На следующий день Климент и Наум были с радостью и почестями приняты в доме сампсиса Эсхача. Сампсис знал Онегавона, отца Наума, и не было вечера, когда бы разговор не касался его. В свое время Онегавон и Эсхач вместе ушли на войну против Ростислава, вместе воевали под Нитрой. Кавхан Онегавон умер на глазах у Эсхача. Наум, знавший окрестности Нитры, с интересом слушал рассказы о боях и старался все представить себе. Во время осады крепости друнги мораван ударили с тыла. Кавхан первым повел воинов против атакующих, но был ранен прямо в сердце и вскоре скончался.
— В спешке он не успел надеть кольчугу, — рассказывал Эсхач. — Вначале мы хотели отвезти тело домой, но война затянулась, и мы похоронили его в чужой земле. Перед смертью Онегавон попросил нас рассеять его прах по ветру, чтобы труп не достался врагу. И мы исполнили это желание. Дул ветер, и мы все видели, куда полетел пепел, но уже никто больше не найдет его следа...
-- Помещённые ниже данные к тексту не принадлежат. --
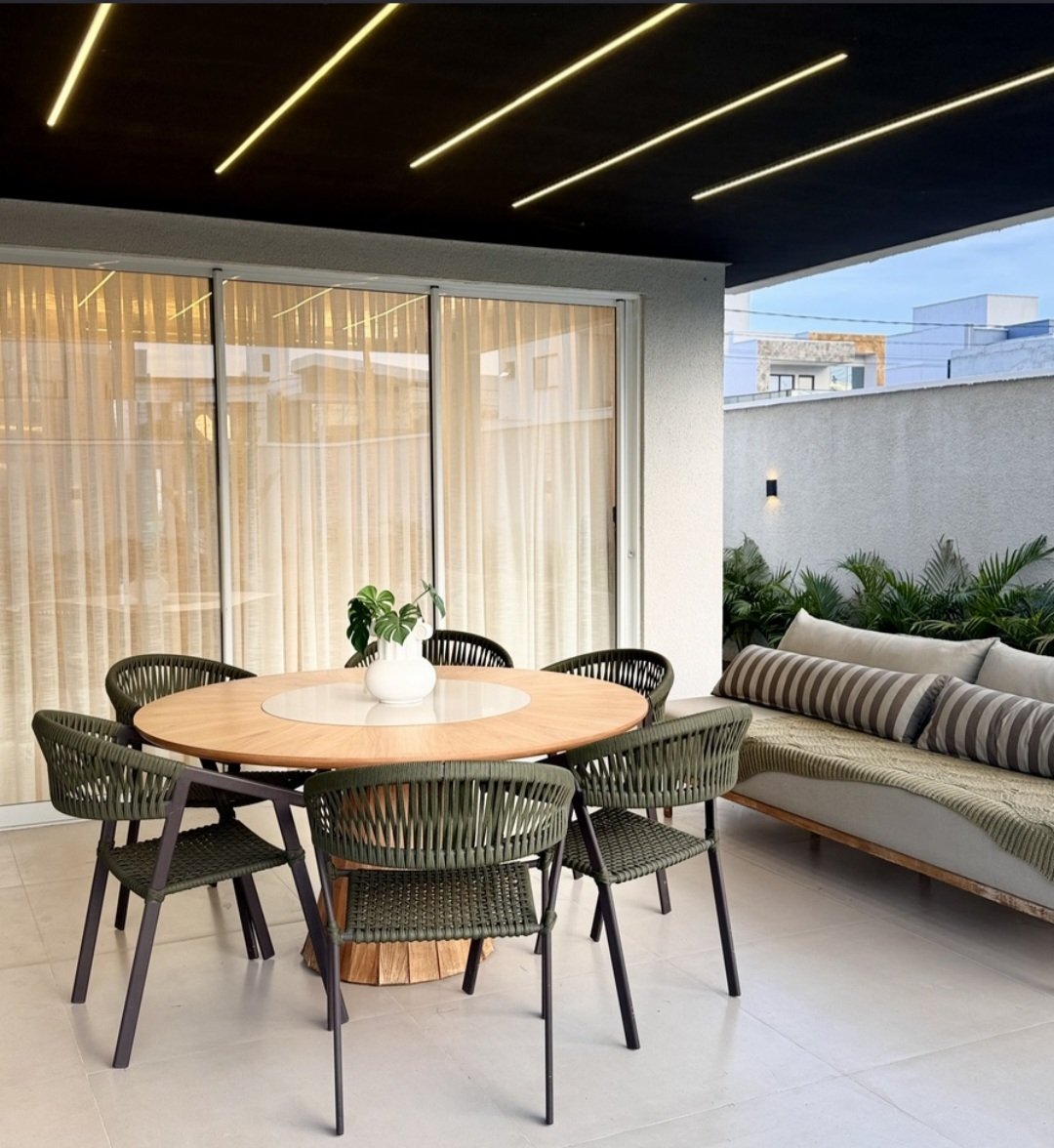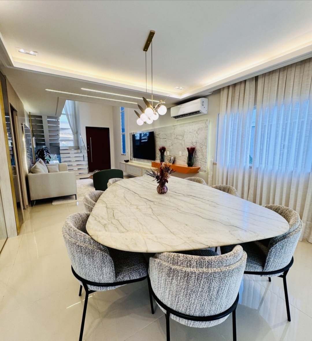 Área social integrada: Living amplo com pé-direito alto, cozinha gourmet americana equipada com ilha de granito, eletrodomésticos premium (fogão cooktop, geladeira side-by-side, forno embutido) e lavanderia separada. Fluxo perfeito entre sala de jantar, home theater e varanda gourmet coberta — ideal para churrascos em família.
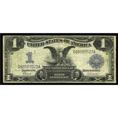 <B>Fr. 234 $1 1899 Silver Certificate Very Good.</B></I> This Friedberg number is one of the scarcer invert varieties known on Black Eagles. The note is complete with several pinholes. Sullivan only lists two known examples. This would make the third in about the same grade.

Сампсис был весьма любознательным человеком. Когда он заставал Климента и Наума склонившимися над пергаментом и красками, то входил на цыпочках в комнату, садился в угол и затихал, будто его вовсе не было, — ни слова, ни звука. Лишь когда они распрямляли уставшие плечи и сумерки заполняли комнату, хозяин распоряжался принести свечи, и разговор начинался. Беседы продолжались и за богатой трапезой. Сампсис то и дело напоминал им, чтобы ели, сердился, когда видел, что глиняные миски не опорожняются, и все ставил в пример себя и своего сына: вдвоем они съедали зараз целую серну. Порой хозяин досаждал своей настойчивостью, но гости понимали, что он делает это от доброго сердца, и не сердились. Радость сампсиса была безграничной, княжеская милость окрылила его. По воскресеньям к нему приходили знатные люди, приближенные к княжескому двору, и увлеченно слушали Климента и Наума. Они рассказывали о Моравии, вспоминали о диспуте в Венеции, воссоздавали, как могли, образы первоучителей, заставляя слушателей восторгаться их стойкостью и знаниями. Особенно взволновал всех рассказ о встрече Кирилла и Мефодия с папой римским. Когда они слушали о гонениях в Моравии, их кулаки гневно сжимались. Гости не переставали поражаться, как это люди, которые молятся Христу, могут столь жестоко преследовать своих духовных братьев. Несмотря на старания Климента и Наума объяснить нм спорные вопросы в догматах двух церквей, они не могли уразуметь это и во всем винили врага рода человеческого. Только окаянный способен поссорить людей так, что в ослеплении брат убивает брата... Гибель Горазда на площади Велеграда воспринималась ими как дьявольское наущение. Они видели казни не раз, но самосуд был им почти неизвестен, а потому казался невероятен. Костры из книг, разгром училищ, заключение в тюрьму и продажа молодых учеников, изгнание — все это было для болгар похоже на страшную сказку, в которой действуют темные силы. Но вот эти страдальцы, сохранившие доброту и веру в своего бога, сидят теперь среди слушателей и повествуют о своих злоключениях.